Thinking you don’t have THAT much stuff is probably something we’re all guilty of, but I severely underestimated how quickly I would fill out my cabinetry. Pair that with a taste for a minimal aesthetic and a love of open shelving (uber-chic in theory but incredibly difficult to keep looking presentable) and you’ve got a home that only looks good when you spend time shoving away stuff that doesn’t fit in the cupboards. Next time I’d plan for more storage than I think I need and set aside an extra budget for it – joinery is one of the (many) things that cost more than you might expect.

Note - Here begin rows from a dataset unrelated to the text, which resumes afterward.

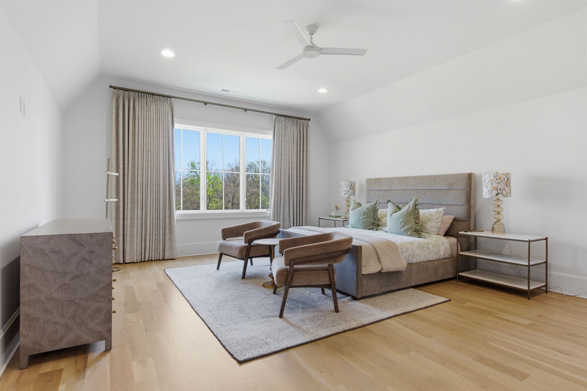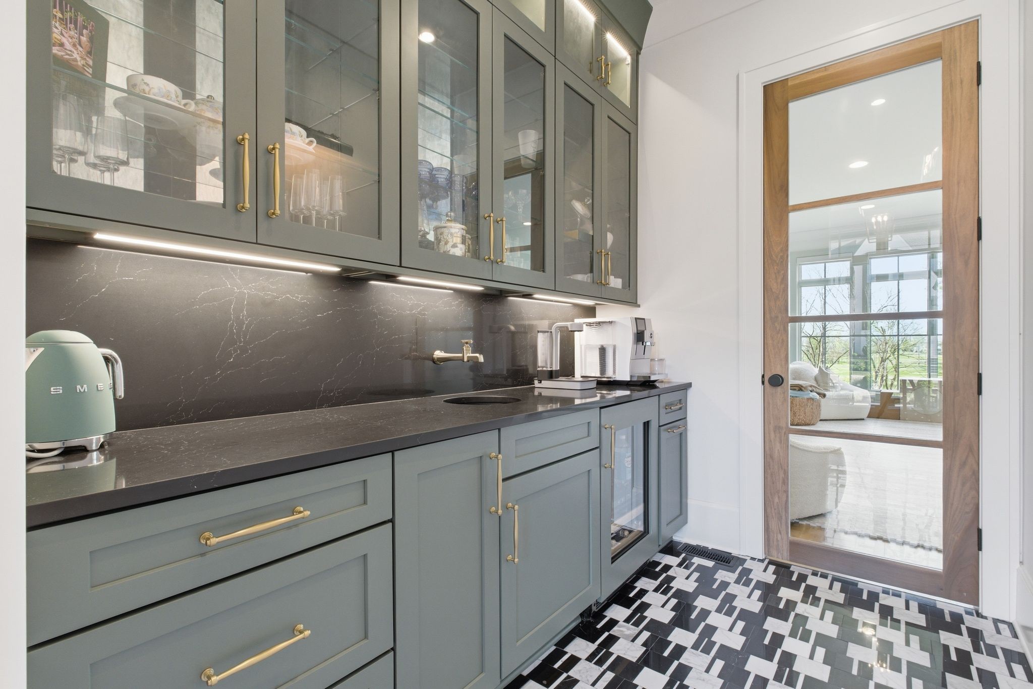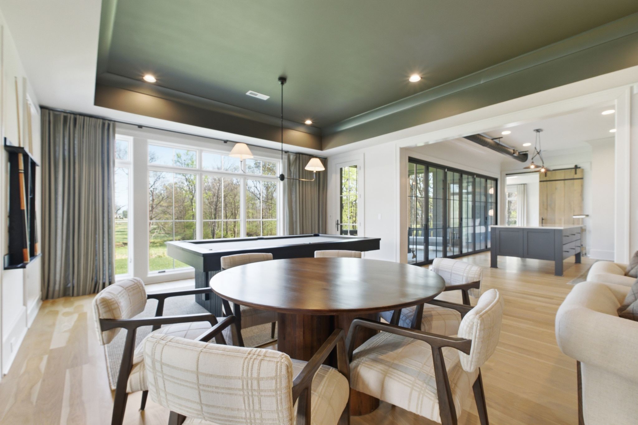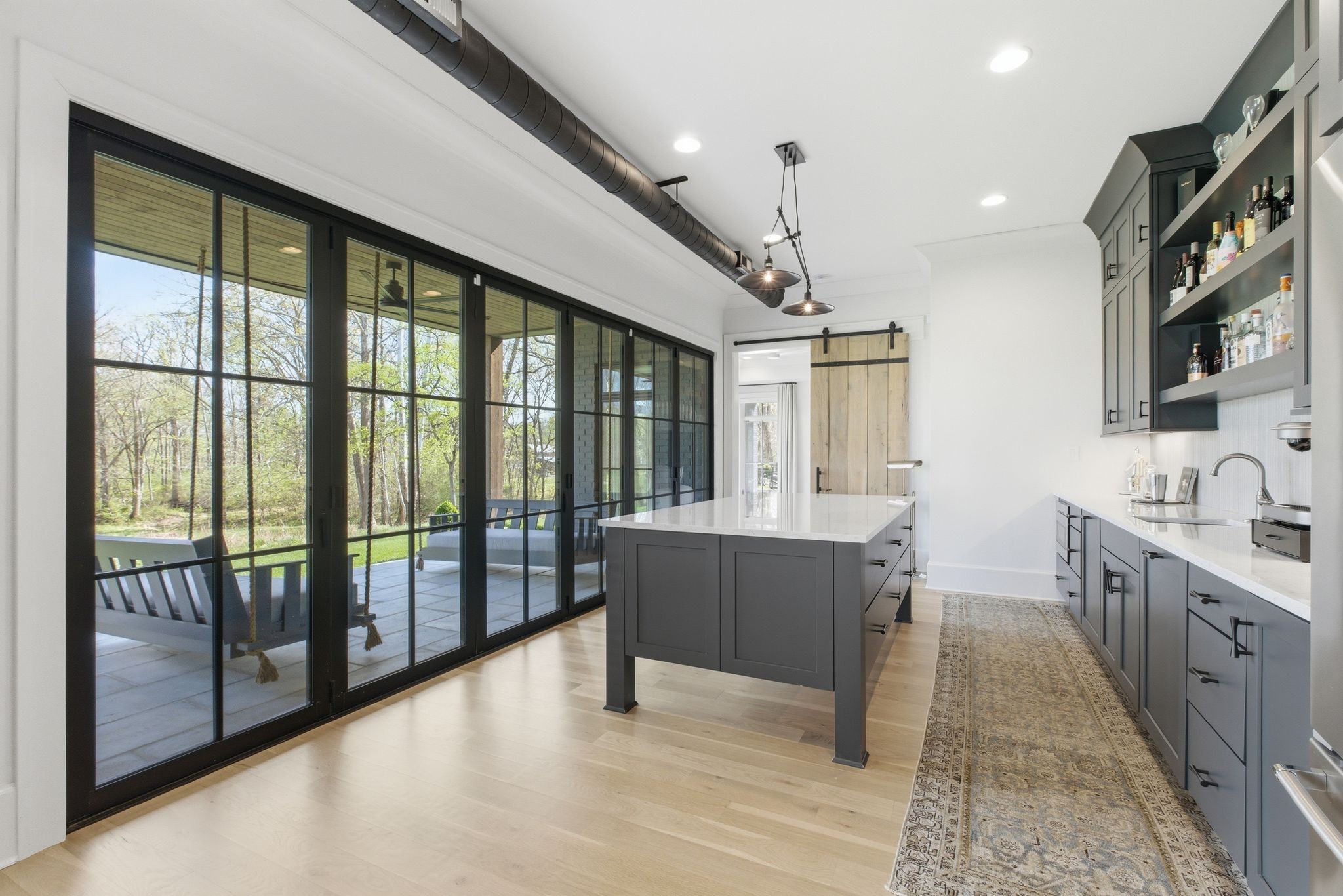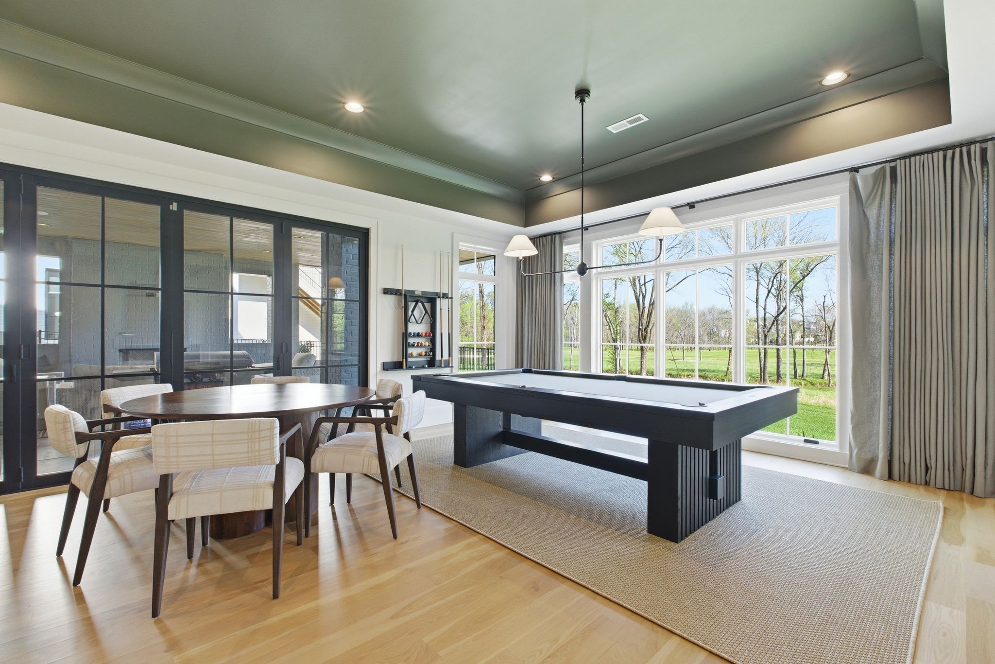 This magnificently designed Modern English Romantic residence offers 8,314 square feet of refined living in one of The Grove’s most picturesque settings. Upon entry, you’re immediately captivated by sweeping golf course views framed through the dramatic two-story family room, extending seamlessly across the covered terrace to the 16th green and fairway beyond. The main level showcases a luxurious primary suite with a vaulted ceiling, private covered porch overlooking the course, and dual walk-in closets. Additional highlights include a private study, expansive great room, and elevator access to all three levels. The outdoor living space is thoughtfully appointed with a covered porch featuring a built-in ceiling heater, fireplace, grill, and electric screens—creating a true year-round retreat. Upstairs, three ensuite bedrooms, a loft with dual swings, and a dedicated home office provide both comfort and flexibility. The lower level is designed for elevated entertaining, offering an additional ensuite bedroom, custom bunk room, full bar, three covered porches, and generous storage. A truly exceptional offering in The Grove, blending timeless design with modern luxury.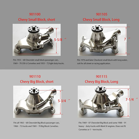 Fits Chevloret small block with short water ,suit for all street or racing application.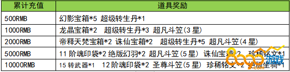 活动规则:活动期间充值满足条件可以领取对应的元宝奖励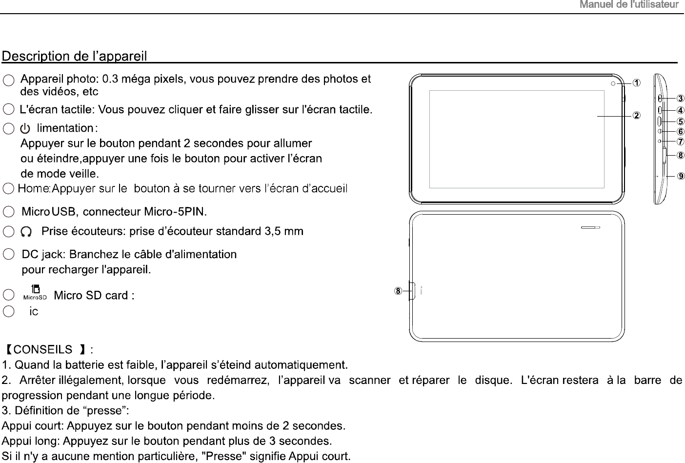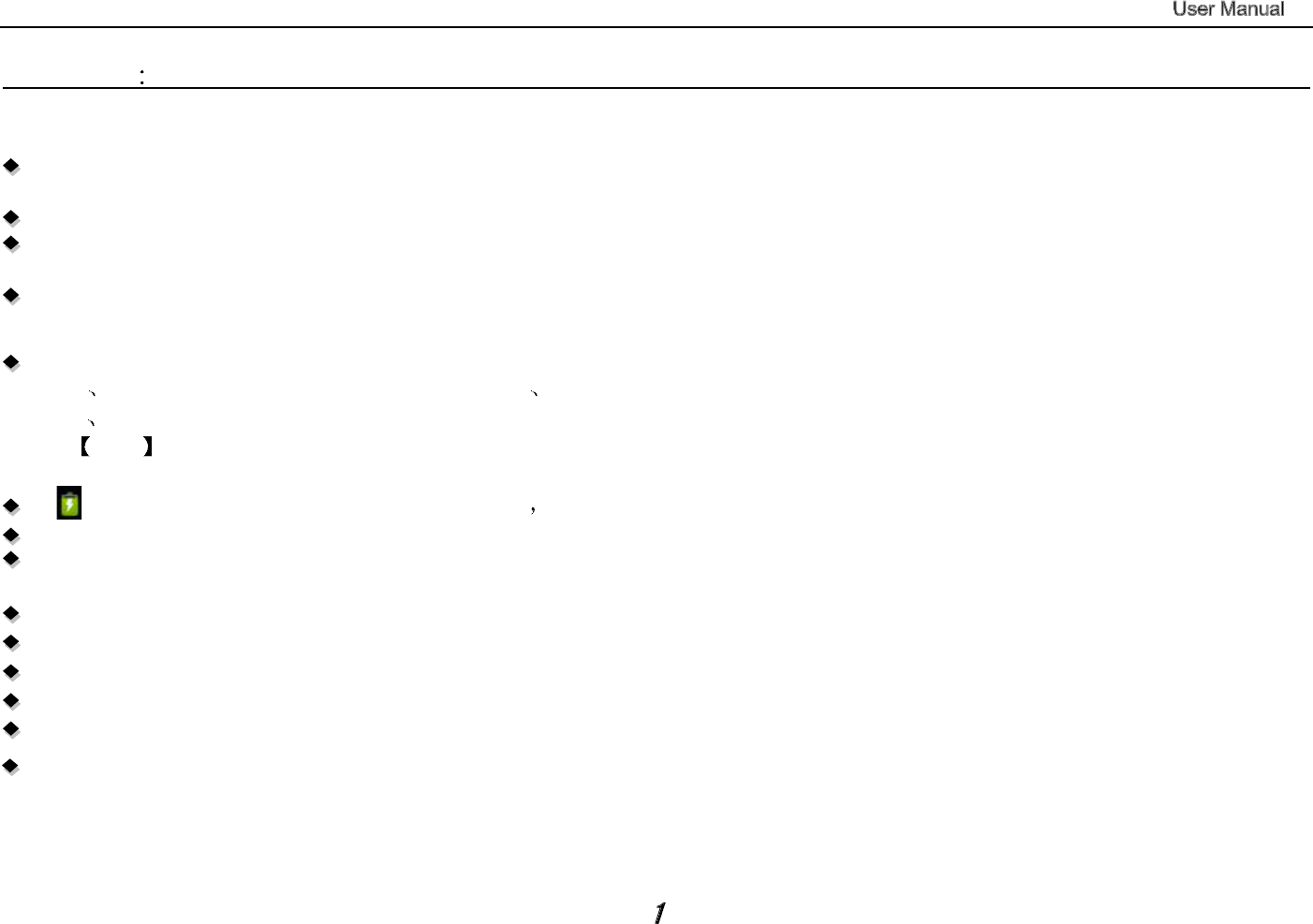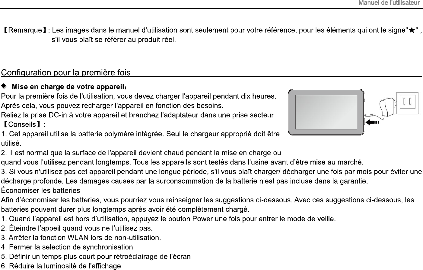 1. This device adopts built-in polymer battery. Only the specified charger should be used.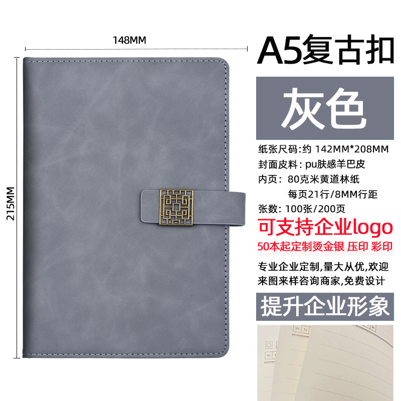 (Подарочный набор) A5 из натуральной овечьей кожи с эффектом "кожи", серый [Обложка с китайским шикарным замком]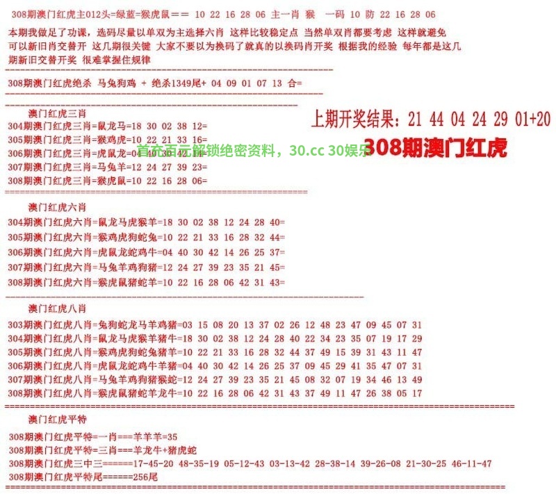 | 308期:三头必中【0-1-3】开:兔39准 |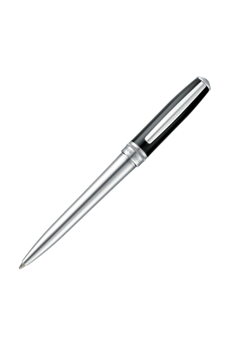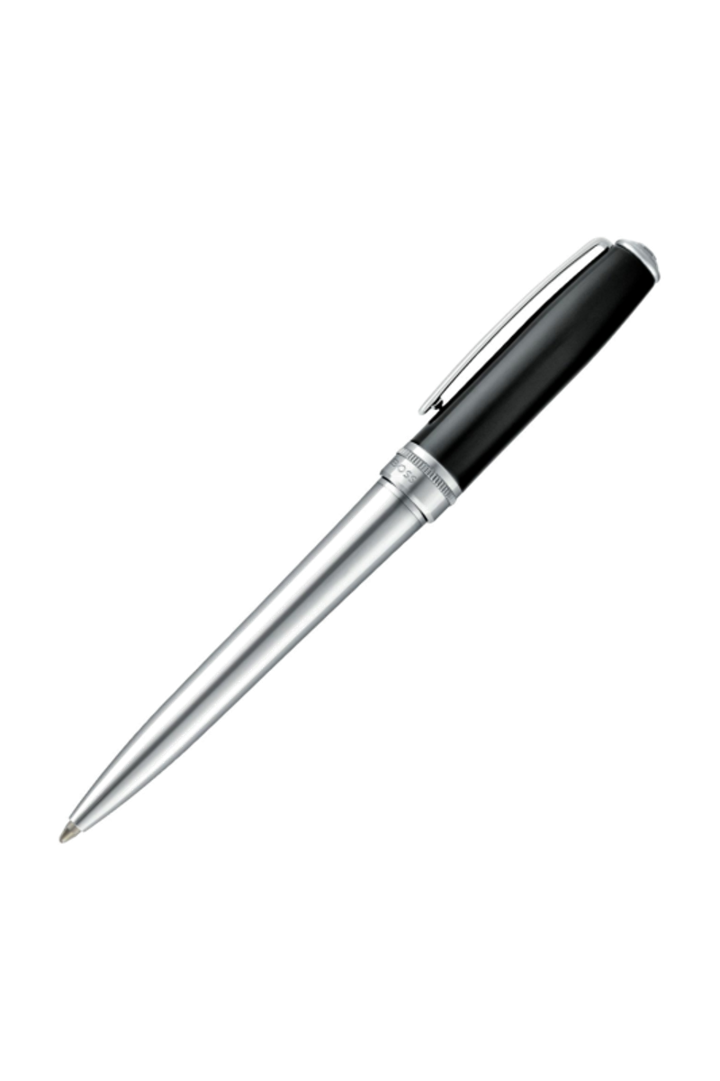 Reinterpreting an iconic design, the Essential ballpoint pen features crisp black lacquer paired with luminous chrome plating. A subtle dented ring adds character and depth, referencing earlier BOSS writing collections, while the new Double B logo brings a modern signature to this enduring, versatile writing piece.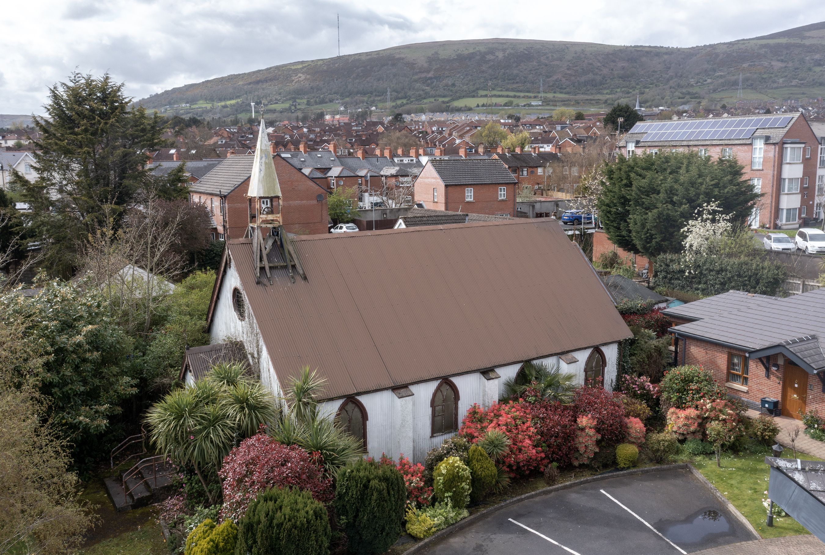 Tucked away beside the newer St Matthias’ Church on the Glen Road, the distinctive prefabricated structure has stood closed for more than 25 years.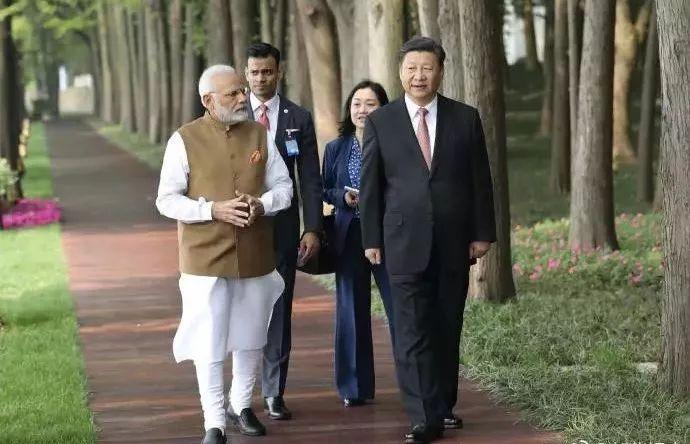 2018年,中印领导人第一次非正式会晤期间,中国国家主席习近平与印度总理莫迪在武汉东湖边散步交流。(图/新华社)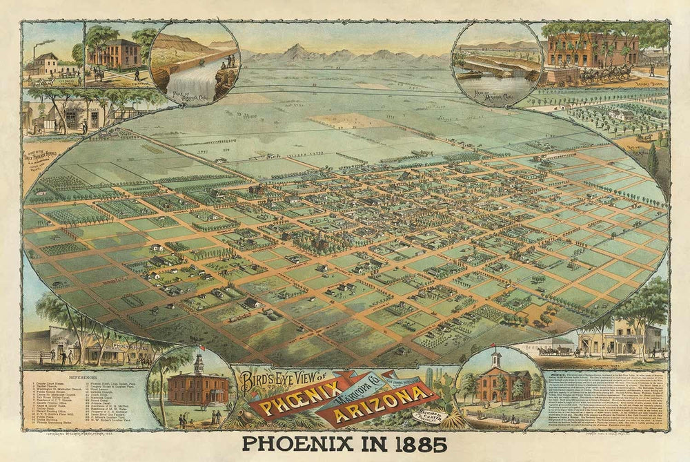 This map is unusually good for a birds eye map of a small town in 1885. It's probably one of the finest birds eye views ever made, and certainly the best old map of Phoenix ever published. It is also the first ever published map of Phoenix. Basically... it's an amazing map.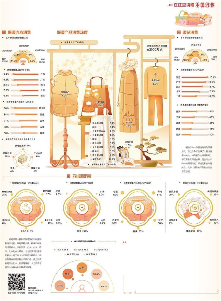 随着气温下降,保暖服饰作为冬季刚需迎来了销售旺季。众多商家紧盯消费需求,抓住“冷”商机,为消费市场增添浓浓暖意。从线上消费趋势来看,近期保暖服饰相关搜索量已超过2000万次,保暖内衣、羽绒服、儿童保暖、保暖护膝、保暖背心是消费者搜索量最高的五大关键词。市场上保暖服饰种类丰富,一衣多穿、灵活百搭的各类保暖服饰深受消费者喜爱。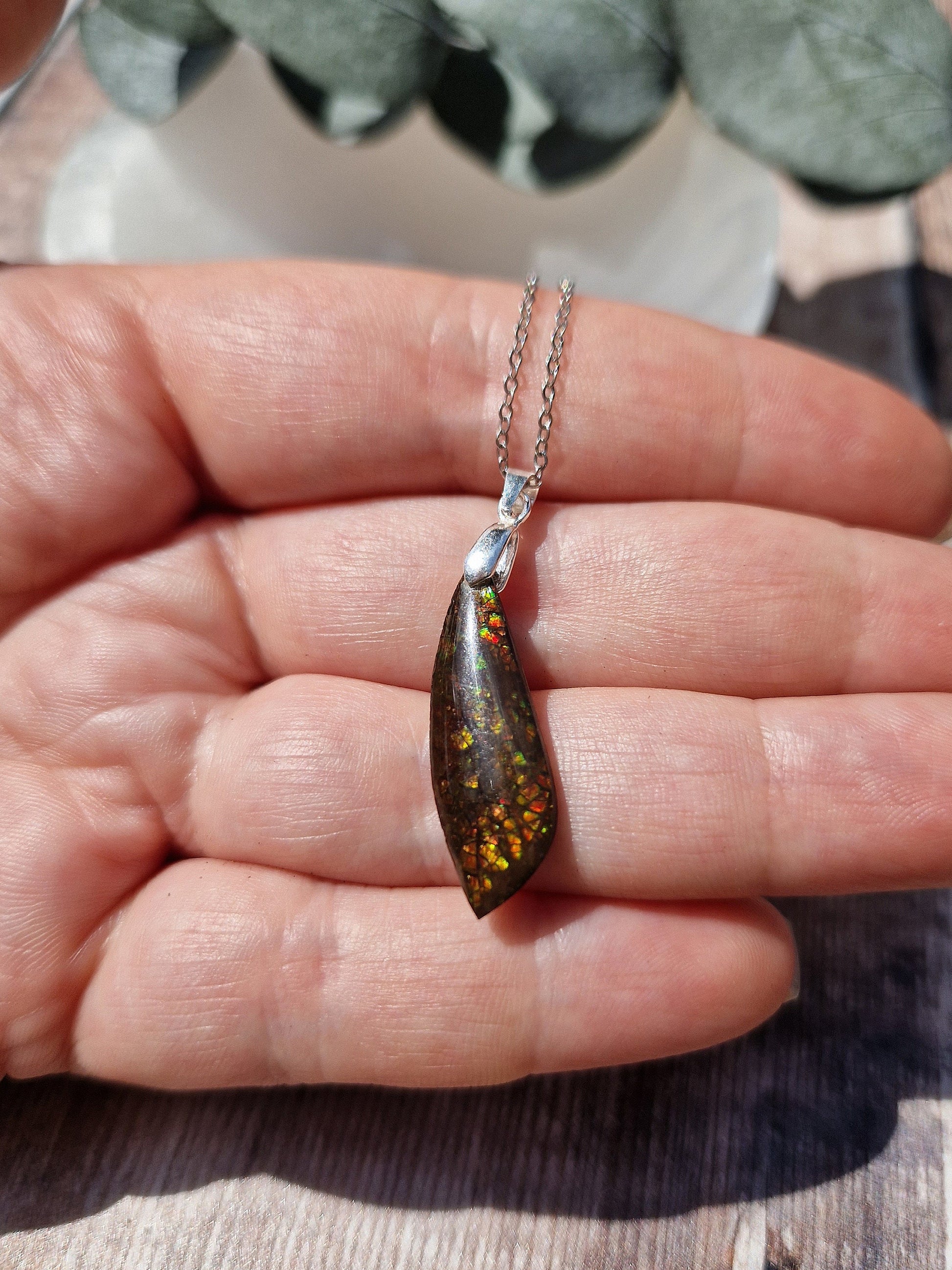 Beautiful rare ammonite necklace. 925 Sterling silver ammonite necklace. Rare and premium quality ammonite. Ammonite pendant

7. Leaving odd jobs unfinished

By the end of a lengthy build when you’ve run out of time, money and patience, desperation to move trades out and yourself in can take over. You may start to think it will be ‘easier to finish it later’ once you’ve ‘given it some thought’ and can just call up your builder to complete the job. Spoiler alert: it’s not, you won’t, and trades are difficult to entice back for tidy-up tasks once they’re onto the next project. After a full 18 months living in my new home, towel hooks, toilet roll holders and window latches all remain unhung because I gave up deciding where to place them. Get it done before you bid farewell to your builder.

8. Not taking more risks

Some advice I received before renovating was to do ‘one memorable thing’ – something that’s not entirely practical, or for resale value, but just because you love it. For me, this was a curved shower but looking back, there were probably a few decisions where I played it safe for fear of outgrowing a certain style or colour. Visualising the result can be one of the hardest parts about renovating for the first time, but once filled with furniture, art and décor, you’ll be surprised how quickly what feels like a ‘major’ decision fades into the background. Choosing a few places to go bold and bring in personal touches makes all the effort worthwhile.